The day is coming to a close, the stars once again filling the sky, like diamonds on dark velvet. It has been a long day but good. We are still unpacking but the boxes now number ever fewer. The pictures have begun making their way to the walls and a house begins to look like a home.
Tonight we or should I say I cleaned the pumpkins, preparing them to be graced with faces created by those more artistic than myself, a blister on my ring finger proof of my efforts. The four magnificent soon to be jack-o-lanterns wait for their artist to carve his creations. For the first time in eight years, the dog did not try to help herself as we cleaned making the work much easier.
The weather has calmed from the reminder of winter soon to come and we now bask in Autumn days and sunshine.

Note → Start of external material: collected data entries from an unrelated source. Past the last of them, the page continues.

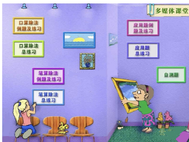
图1 信息化环境下小学数学教学
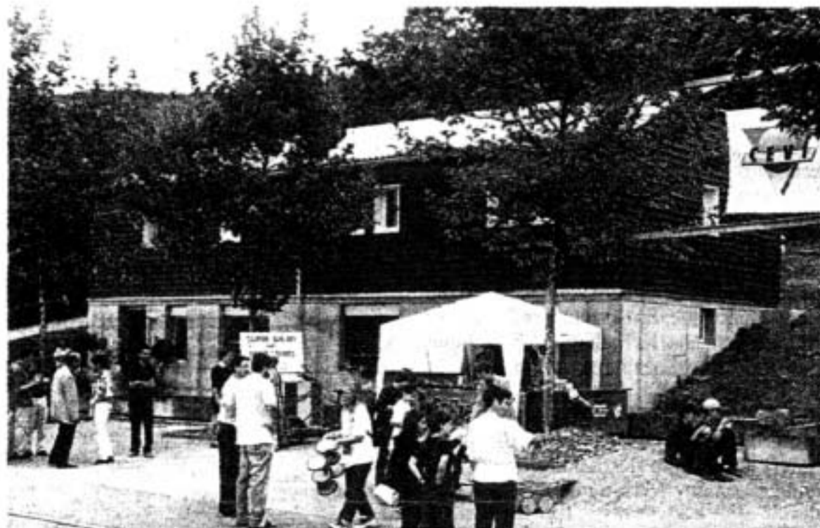
Mit der Casa Blu ist ein lange gehegter Wunsch in Erfüllung gegangen.

Nachdem von der Nachbarorganisation Zurzach ebenfalls die besten Wünsche und ein Präsent für die Kücheneinrichtung der Casa Blu überbracht worden
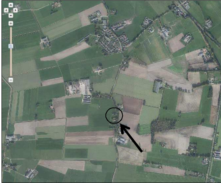
Globale ligging van het plangebied. De ligging van het plangebied wordt met de cirkel aangeduid.

Het plangebied is gesitueerd aan de Lierderholthuisweg 11 te Wijhe. Het ligt in het buitengebied, circa 650 meter ten zuiden van de woonkern Lierderholthuis. Op onderstaande uitsnede van de topografische kaart wordt de globale ligging van het plangebied aangeduid met de cirkel.

The temperatures let us forget for just a moment the snow and cold that will soon be a daily companion. This promises to hold for Halloween night and I look forward to an evening of mild weather. It has been fifteen years since I sat out in such clothing, the fall before my youngest son was born.
Tonight as I sit here I have the pleasure to look out on the pond, now so still without the wind, the few house lights twinkling on the surface of the water. It is peaceful and I hear the call of something I still cannot explain. Though my meadow is no longer here, there will be other meadows to find, other secret paths and small sanctuaries. Time is what I need now, time to wander, time to myself to let go of all that is around me and just drift. Each night I promise myself I will find that time and each night I drift away with my thoughts, exhausted from the days work. Time goes so quickly now it seems, and there are words I need to write and words I need to speak to the stars. Those words will find their way to those who wait.
For now I must go and clean the pumpkin from myself and make an attempt to energize before I drift once again to sleep.